When CurlMix co-founder Kim Lewis delivered a video appeal to her community this month, her words weren’t about expansion or the next big launch. Instead, she issued an urgent request: help save the company.
The Chicago-based clean hair-care brand — once hailed as a Black-owned success story — now says it must secure 20,000 orders in the next 60 days to avoid shutting down. Lewis cites soaring ingredient, shipping and tariff costs, drying up capital, and a radically downsized staff.
“This has been the most difficult year in business. … Our team went from size 40 to 14,” she said. “We need 20,000 orders in the next 60 days. I just need help one last time.”

Once Soaring, Now Stalled
CurlMix’s trajectory seemed unstoppable.
After appearing on Shark Tank in 2019 (where the founders rejected a $400K for 20% deal), the brand turned to equity crowdfunding and raised millions — over $3 million in 2021 alone.
It grew from a niche DIY-box into a full hair-care line, landed in retail, and positioned itself as a model for community-driven entrepreneurship. But now, even Kims’s transparency and base of backers aren’t enough to offset current headwinds.
Why This Crisis Signals a Bigger Problem
1. Black-owned brands face structural funding disadvantages.
Lewis has long spoken out about how traditional venture capital largely excludes Black women. CurlMix’s turn to crowdfunding was both innovative and necessary — but crowdfunding alone wasn’t enough to carry the business through turbulent times.
2. Consumer goods brands are squeezed by costs.
Lewis blamed rising ingredient costs, slowing shipping, and tariffs as key pressures. These are not isolated issues — beauty-care startups are contending with global supply-chain disruptions, inflation and margin pressure across the board.

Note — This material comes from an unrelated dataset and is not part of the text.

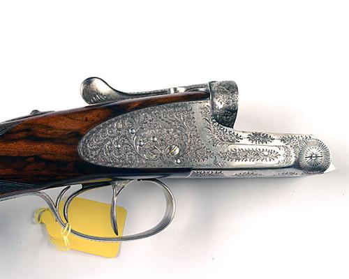 29in. nitro chopperlump barrels with matt rib, 2 3/4in. chambers, bored approx. 1/4 and 1/2 choke, automatic safety with gold-inlaid 'SAFE' detail, removable striker discs, hand detachable sidelocks, gold-inlaid cocking indicators, articulated front trigger, bouquet and scroll engraving, bright finish, 14 3/4in. figured stock including 1/2in. rubber recoil pad, weight 6lb. 9oz.
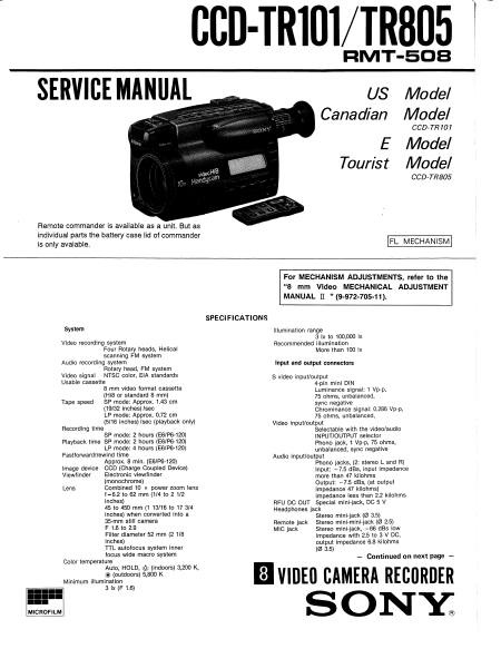 SONY CCD-TR805 Serviceanleitung Englisch

3. “Community purchase” as survival tactic underlines fragility.
CurlMix’s campaign asks supporters to buy a $100 “Protect CurlMix Bundle” to help keep the business alive. That approach — self-funding via loyal customers — illustrates how much more precarious the position is when other capital is unavailable.
What Comes Next?
- Short-term pinch: If CurlMix fails to hit its target, it risks layoffs, deeper cuts or even closure. That outcome would be a blow not just to this brand but to a much-needed narrative of Black-owned business success in beauty.
- Long-term reckoning: Brands like CurlMix may prompt a broader question: Can independent, Black-owned beauty startups survive the same market forces as major consumer-goods companies? If not, what structural changes are needed?
- Potential path forward: If CurlMix succeeds, the story becomes one of resilience. But Lewis’s message suggests she views this as “one last time” to keep the company alive — and that underscores how thin the margin for error is.
Why This Story Matters
CurlMix isn’t just another beauty brand — it has symbolised Black entrepreneurial possibility, community ownership and an alternative to traditional VC-backed models. Its current crisis raises alarm bells for a broader ecosystem: When a business with millions raised, national exposure and a loyal customer base still struggles to stay afloat, it starkly illustrates how much harder the climb is for Black-owned ventures.
As one investor advisor put it, “Crowdfunding was a brilliant workaround — but it doesn’t replace institutional capital when the market turns.”
For those watching, CurlMix’s outcome will be both a test of a business and a bellwether for Black-owned brands navigating a tougher terrain.
The next 60 days won’t just decide this company’s future, they may also reshape how we think about ownership, funding and survival in consumer goods.